Wednesday, May 19, 2010

Graham V. Florida: We learn, sometimes, from our mistakes


The Supreme Court ruled 6-3 against sentencing minors convicted of crimes other than murder to life imprisonment without possibility of parole. The dissent was written by Clarence Thomas, joined by Scalia and Alito.

Thomas first rejected the idea that the Supreme Court is better able to judge whether such sentences are proportionate to the crime committed than are legislatures, judges or juries: “I am unwilling to assume that we, as members of this Court, are any more capable of making such moral judgments than our fellow citizens. Nothing in our training as judges qualifies us for that task”. Boy, ain’t it the truth.

Indeed, he rejects the notion that punishments which are grossly disproportionate are unconstitutional, that is, that they are cruel and unusual.

The majority argues that there is an evolving standard of public opinion which now opposes locking up minors and throwing away the key. Thomas disagrees, and we’ll get to that, but first he denies that the constitutionality of a punishment rests on what he dismissively calls a “snapshot” of public opinion. Worse, he says, the Court only allows for evolution away from draconian punishments: why, there might be a “pendulum swing in social attitudes” in favor of more drastic punishments.

In support of his contention that there is a consensus among the American people for imprisoning minors for life for crimes other than homicide, Thomas notes that such imprisonment is allowed under the laws of 37 states (the Supreme Court often uses laws, no matter when enacted, as a proxy for public opinion, which leads it to declare in effect that laws are constitutional because they are laws), while only 5 states ban it. He rejects as completely irrelevant to determining the current acceptability of such punishments that in 26 states these laws have fallen into disuse.

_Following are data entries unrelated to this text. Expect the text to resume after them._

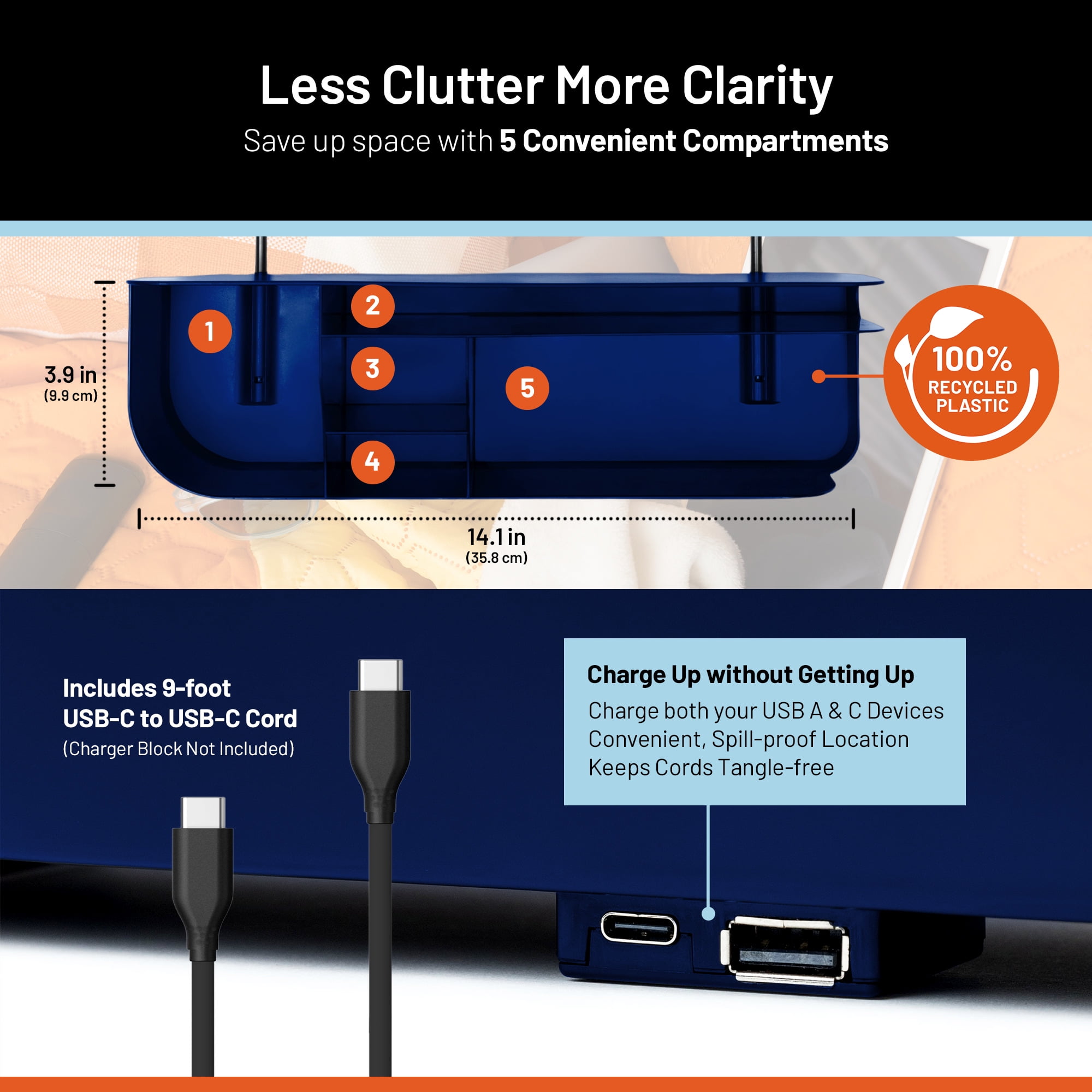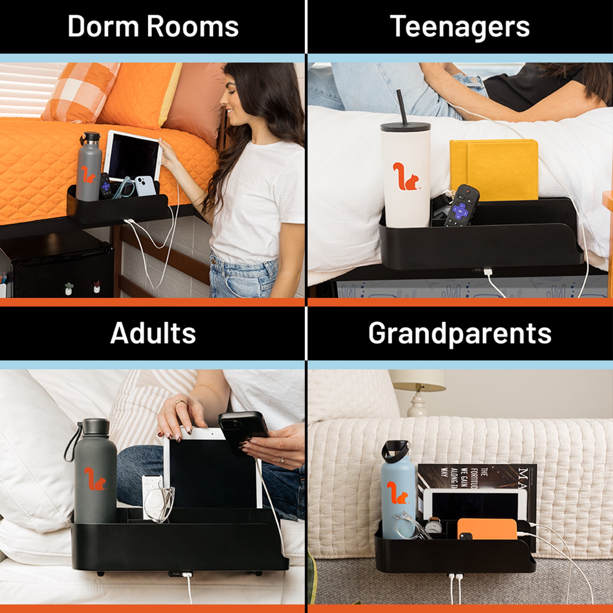 Schluss mit dem Chaos auf dem Nachttisch! Die Squirrel Nachttischstange ist der geniale Organizer für dein Schlafzimmer. Mit 5 praktischen Fächern für alles was du nachts brauchst: Handy, Buch, Brille, Wasserflasche - alles hat jetzt seinen festen Platz. Das absolute Highlight: Integrierte USB-C und USB-A Ladeanschlüsse! So laden sich deine Geräte direkt neben dir auf, ohne Kabelgewirr. Hergestellt aus 100% recyceltem Kunststoff - gut für die Umwelt und sieht dabei noch stylisch aus. Die Montage geht ratzfatz - werkzeuglos in nur 30 Sekunden! Einfach an den Bettrahmen oder die Couch klemmen und schon kann's losgehen. Perfekt für kleine Wohnungen, Schlafsäle oder WG-Zimmer wo Platz knapp ist. Abmessungen: 14,1x3,9x11,9 cm - kompakt aber super praktisch. Selbst deine 1-Liter-Wasserflasche findet hier Platz. Endlich alles griffbereit und aufgeräumt! Der einzige Caddy mit beiden USB-Anschlüssen - da bist du für alle Geräte gerüstet. Hol dir mehr Ordnung und Komfort in dein Schlafzimmer!
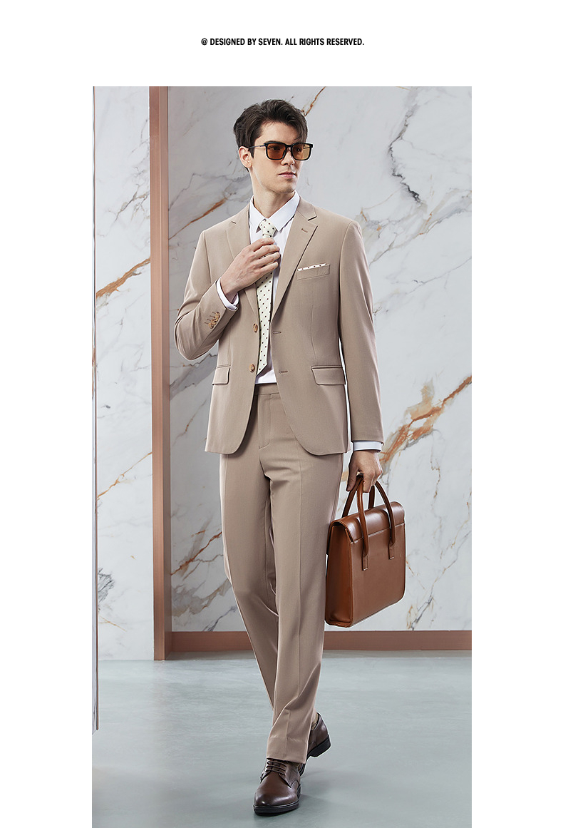 【含莫代尔】柒牌西服套装男2024春季新款商务正装面试平驳领西装 126C70600
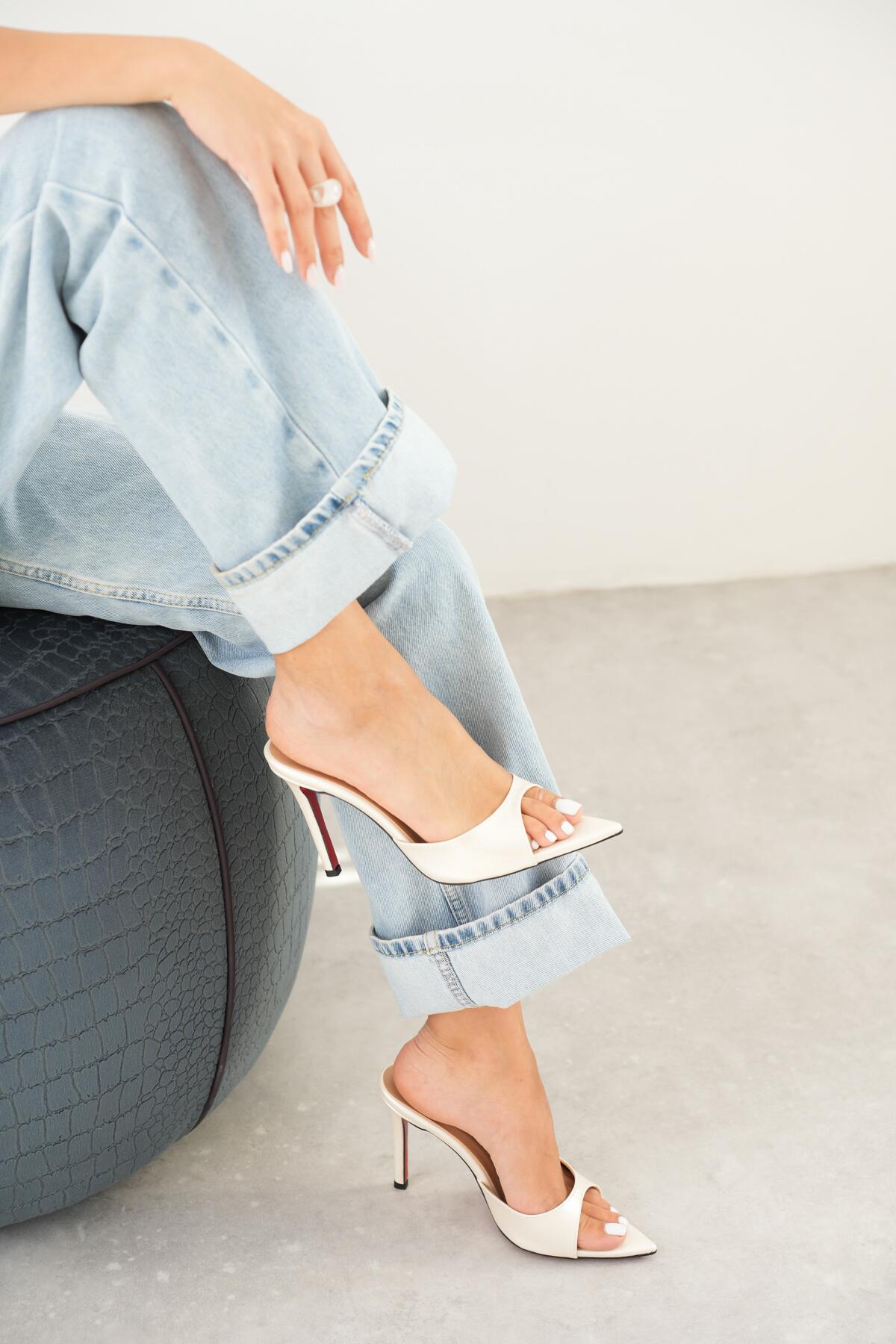 Kadın Sivri Burun İnce Topuklu Terlik Sona Sedef
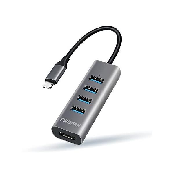【並行輸入品】 TWOPAN USB Cハブ T1-H 5-in-1 USB Type Cハブ HDMI(4K)出力 4つのUSB 3.0ポート付き Samsung Galaxy S10+/S9/S8 MacBook Air/Pro Chromebook

And hell, if you go back to the 18th century, “the common law set a rebuttable presumption of incapacity to commit any felony at the age of 14, and theoretically permitted [even] capital punishment to be imposed on a person as young as age 7.” Good times, good times. This is Thomas’s gold standard for moral acceptability: hanging little children for property crimes. Stevens, concurring with the majority, writes, “We learn, sometimes, from our mistakes.” It’s like he’s never even met Clarence Thomas.